Narduzzi raised eyebrows when he told a group of fans at a kickoff luncheon in August to keep the first weekend of December open so they could plan a trip to Charlotte for the ACC title game. It’s a possibility that seemed remote at best after the Panthers were drilled by Penn State and Central Florida and then suffered a baffling loss to North Carolina, all in September.
And yet the Panthers have responded brilliantly, winning shootouts and defensive struggles alike during their three-game conference winning streak. Their taut 23-13 victory at Virginia last Friday may have been the closest they have come all season to fitting Narduzzi’s definition of “Pitt football.”
Darrin Hall ran for 229 yards and three touchdowns. The defense sacked Virginia quarterback Bryce Perkins five times. Alex Kessman drilled a 53-yard field goal and the Panthers pushed the Cavaliers around on the road.
“(It’s) kind of what you want,” Narduzzi said. “(An) old-school game. That’s who we are, what the city of Pittsburgh is.”
Still, Narduzzi stressed it’s far too early for the Panthers to think they’ve arrived.
“We haven’t done anything yet,” he said. “We’ve got a long way to go.

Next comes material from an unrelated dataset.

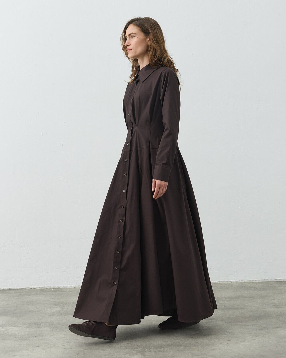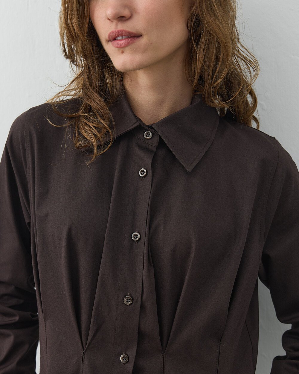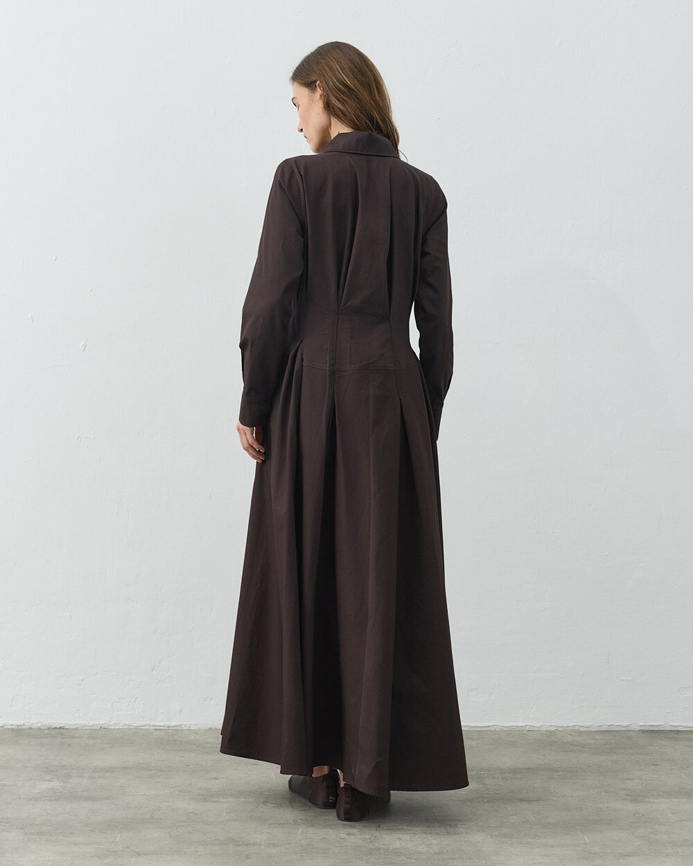 Gabardin Belden Kup Ve Pile Detaylı Elbise Acı Kahve

Premature victories are no good.”
The road to the ACC championship, however, doesn’t look quite as daunting as it did six weeks ago. Virginia Tech’s bumpy resume includes losses to Old Dominion, Georgia Tech and Boston College. Wake Forest will play the rest of the year without injured starting quarterback Sam Hartman and Miami — the preseason pick to roll in the Coastal — is closer to last place than to first.
All of which makes Pitt the favorite — or the closest thing to one — at getting a shot at the ACC’s Atlantic Division champion on Dec. 1. Heady territory for a group that has faced one of the most difficult schedules around.
“I don’t think anybody has played five Top 25 football teams in the country, which we have,” Narduzzi said. “We faced five of them so far. Wasn’t an easy schedule. Everybody knew it wasn’t an easy schedule coming into the year. After the game is over, no one says, ‘But it’s a hard schedule.’ What other way would you want it?”
Narduzzi isn’t too concerned about his team getting caught up in the hype. Facing the Hokies should be enough. Pitt had a chance to win in Blacksburg last year but lost 20-14 when it failed to score on four plays from the Virginia Tech 1 in the final moments, a defeat that ultimately prevented the Panthers from becoming bowl eligible and one that Narduzzi still finds himself replaying in his mind 12 months later.
Pitt has a chance to erase that memory on Saturday while inching closer to an improbable division title. Not that Narduzzi wants to talk about it. He’d rather his team just go out and play and worry about what it all means later.
He didn’t change the way the Panthers practiced when they were struggling in September. He’s not going to change anything now that they’re rolling in November.
“We do what we do, offensively, defensively, structurally,” Narduzzi said. “Our days don’t change. We try to keep things as similar, as familiar with the kids as we possibly can.”
Even as they prepare for a potential trip to unfamiliar territory.